Closed agardnerIT closed 6 months ago
@agardnerIT I'm not too familiar with Argo Rollout, but I'm a but suspicious that the use of the openfeature.dev/enabled
isn't working in that context (we'd typically see it in deployments). Specifically I'm wondering if it even makes it onto the pod (where it needs to be) from there.
I see in the Rollout docs that you can reference a workload (deployment) with workloadRef
instead of using a template directly. Can you try that with a deployment that has the annotation?
I guess the difference between the index creation here and the idex used when backfilling the permissions here might be the problem.

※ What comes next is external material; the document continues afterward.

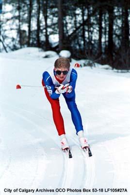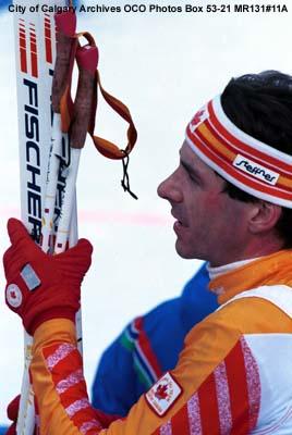 1988 – Pierre Harvey from Canada after finishing his race in the 15km cross-country ski competition.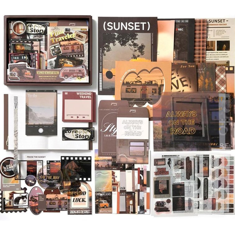 A premium scrapbook journal kit with durable papers, stickers, and accessories—perfect for scrapbooking, journaling, planners, card making, and creative DIY projects. Comes in a beautiful gift box for all occasions.

The index creation is happening with spec.template.metadata.annotations.openfeature.dev/openfeature.dev/allowkubernetessync
but instead the permission backilling function is searching for metadata.annotations.openfeature.dev/openfeature.dev/allowkubernetessync
. I would say these need to be aligned. Honestly not sure which one of them is the correct one, will try to search when this was changed. It might also be me, as I made bigger refactoring of the webhooks recently and this probably slipped through.
Ok, I found to problem and it was me introducing it, before the refactoring, the indexer creation was creating an index to metadata.annotations.openfeature.dev/openfeature.dev/allowkubernetessync
, currently it's creating an index for spec.template.metadata.annotations.openfeature.dev/openfeature.dev/allowkubernetessync
.
It makes sense as this annotation is injected to the pod and not to the deployment. Therefore the indexed field is the annotation in the pod and not the annotation in the pod template, which is part of the deployment.

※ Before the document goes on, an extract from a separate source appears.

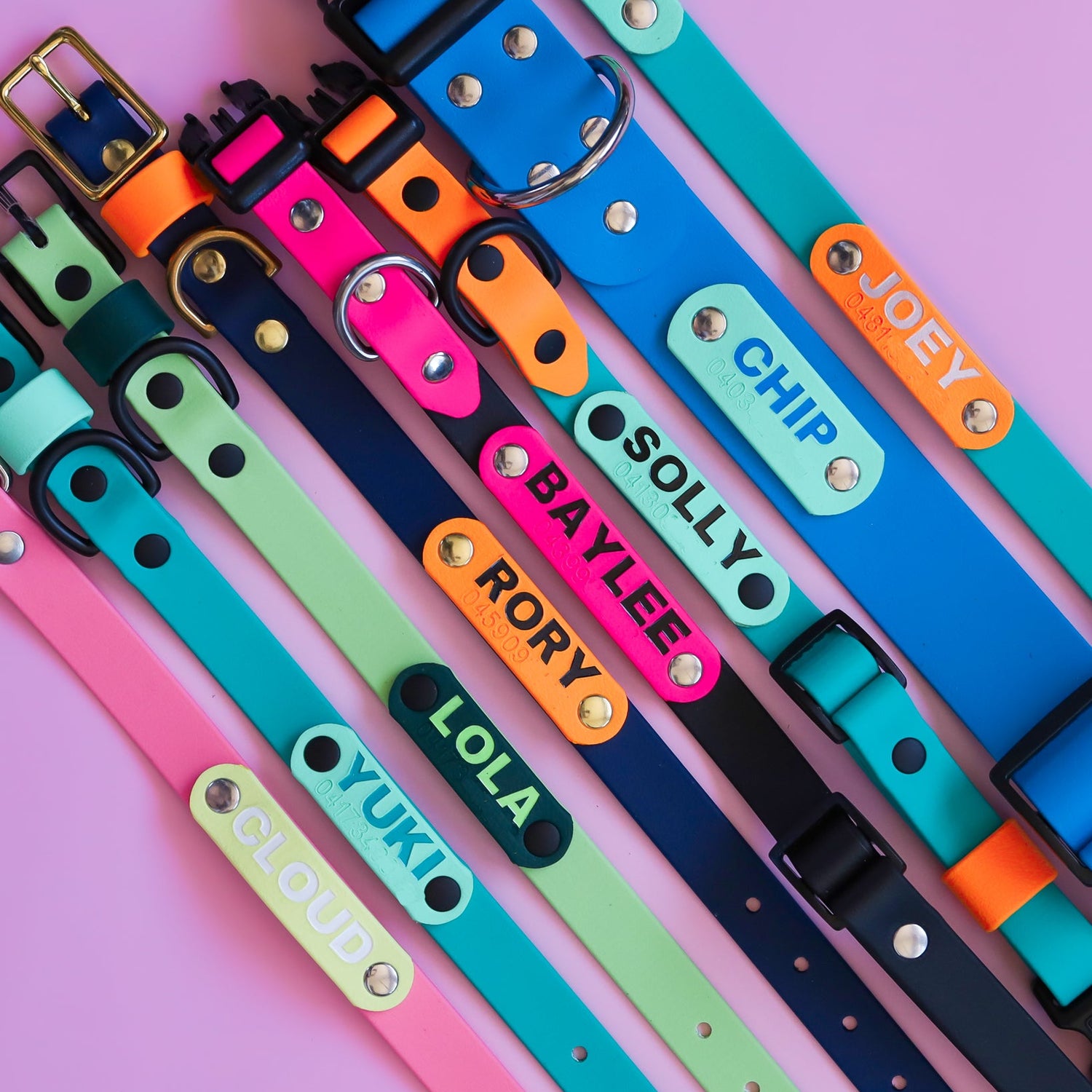 Heat-embossed and hand-painted name plates that look great and keep your dog’s details front and center. Don’t let them leave home without one!

I already have a fix and will submit a PR soon
Sorry about the problems
According to Adam's manifests, I think the enablement of OF should be ok. Also if the OF would not bet enabled, we wouldn't receive the problems with backfilling permissions -> we won't be able to reach this part of code at all.

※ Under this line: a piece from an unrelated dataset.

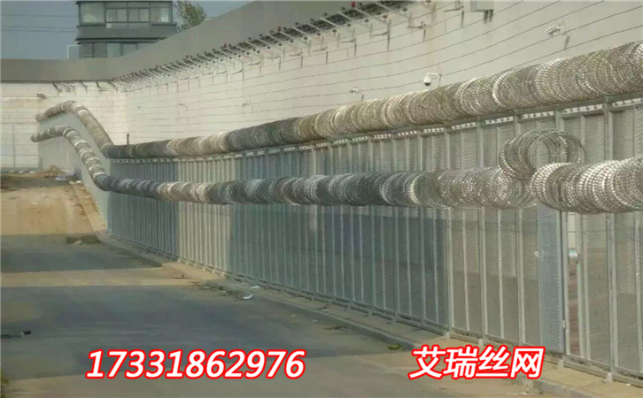 監(jiān)獄鋼網(wǎng)墻是一種新型防護(hù)網(wǎng),由銳利尖角鍍鋅鋼板或不銹鋼薄板做刀片,鋼絲做芯線(xiàn)組合而成的防護(hù)器材. 監(jiān)獄鋼網(wǎng)墻刀片刺網(wǎng)具有嚇阻、防翻越等效果,材質(zhì)堅(jiān)硬,高強(qiáng)度,高張力,造型設(shè)計(jì)獨(dú)特,不宜觸摸,因而能達(dá)到極好的防護(hù)隔離效果.

Maybe Argo was creating a Pod in a completely different namespace at that time (completely unrelated to this Deployment)? Here it would make sense that the podMutator kicks in, checks if this Pod is annotated, finds out it's not, writes out the message and lets the pod to be bind to a node without any mutation? I think here we need to have more info about what was happening in the system generally... Just thinking out loud what the possibilities might be, do not have any proof for this theory.
@agardnerIT can you maybe provide us with some more insight? Thank you!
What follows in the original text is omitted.